Мояо вошёл беззвучно. Знакомая дорога.
— Что тут у нас... — голос прозвучал тихо, ровно, без единой ноты вопроса.
Взгляд окинул помещение, выхватывая детали. На полу — четыре тела. Мужчины лежали неподвижно, лишь редкое движение груди выдавало дыхание. Девушка — в стороне. Дышала прерывисто, сдавленно. Руки у всех были стянуты за спиной верёвкой, впивающейся в кожу до синевы.
Воздух в комнате был густым и сладковато-прогорклым — запах немытого тела, страха, окислившегося металла и чего-то ещё, что нельзя было назвать, но что безошибочно узнавалось. Запах сломленной воли. Помнил его с тех самых пор, когда сам впервые понял, что такое власть.
Он не сходил с порога, не делал ни шага вперёд. Молчание нависало в комнате тяжелее крика. Он умел ждать, пока взгляды сами не начинали ползти в пол.

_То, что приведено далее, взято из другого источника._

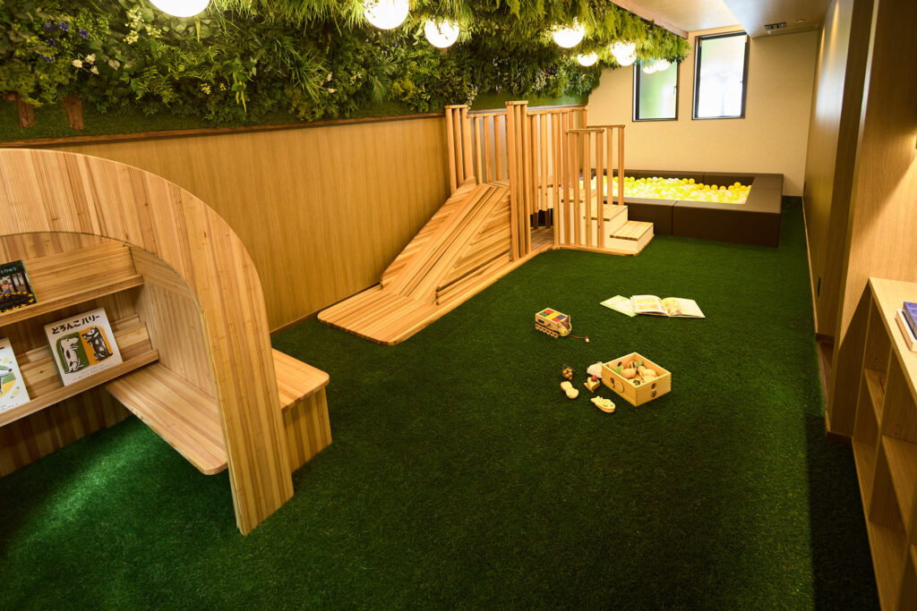 緑や木の温もりあふれるキッズルームにはボールプールや滑り台を設置。絵本やゲームがいっぱい。

— Господин Чэнь. Из Нанкина, как приказывали, — голос одного из помощников, тощего парня в нелепо огромных ботинках, прозвучал глухо, будто из-под земли.

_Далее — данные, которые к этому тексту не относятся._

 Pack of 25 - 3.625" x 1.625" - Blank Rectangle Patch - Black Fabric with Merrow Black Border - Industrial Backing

Мояо кивнул, не удостоив того взглядом. Внимание переключилось на девушку. Хрупкое лицо, впалые скулы, глаза слишком большие для такого лица. Глаза, как у той певички из уличного караоке, что пела под флейту в конце девяностых. Почти ребёнок.
Где-то в глубине, в закоулке души, притаившемся под слоями льда и расчёта, дрогнуло что-то тёплое и давно забытое. Старое. Ненужное. Одним усилием воли он заморозил эту трещину, не дав ей расползтись. Рука сама опустилась в карман, достала ампулу. Стекло было холодным. Жидкость внутри отливала нежным розовым, словно лекарство для младенца. Наполнил шприц, щелчок по стенке, чтобы пузырьки поднялись.
— Симпатичная, — бросил нежно, будто он разглядывал котёнка. — Инлиню понравится.
Девушка вся затряслась, пытаясь отползти в угол, но грубая верёвка лишь глубже впилась в запястья.
— Не подходите! — её крик был резким, испуганным. — Мой отец прокурор! Он вас всех казнит!
Мояо медленно выдохнул. Присел перед ней на корточки, и на лице расплылась та самая, обезоруживающая улыбка. В её глазах он увидел не покорность, а чистый, животный ужас. Она не понимала, что её угрозы здесь — всего лишь пустой звук.
— Правда? Прокурор? — Он сделал театральную паузу, а затем рассмеялся. Смех был громким, неестественным и заполнил все пространство комнаты. — Так ты Чжан Сюи? Ну надо же... Какая неожиданная встреча, — пальцы сжали её подбородок с обманчивой нежностью. Кожа под ними горела лихорадочным жаром — жаром последней надежды. — Тогда этот укол...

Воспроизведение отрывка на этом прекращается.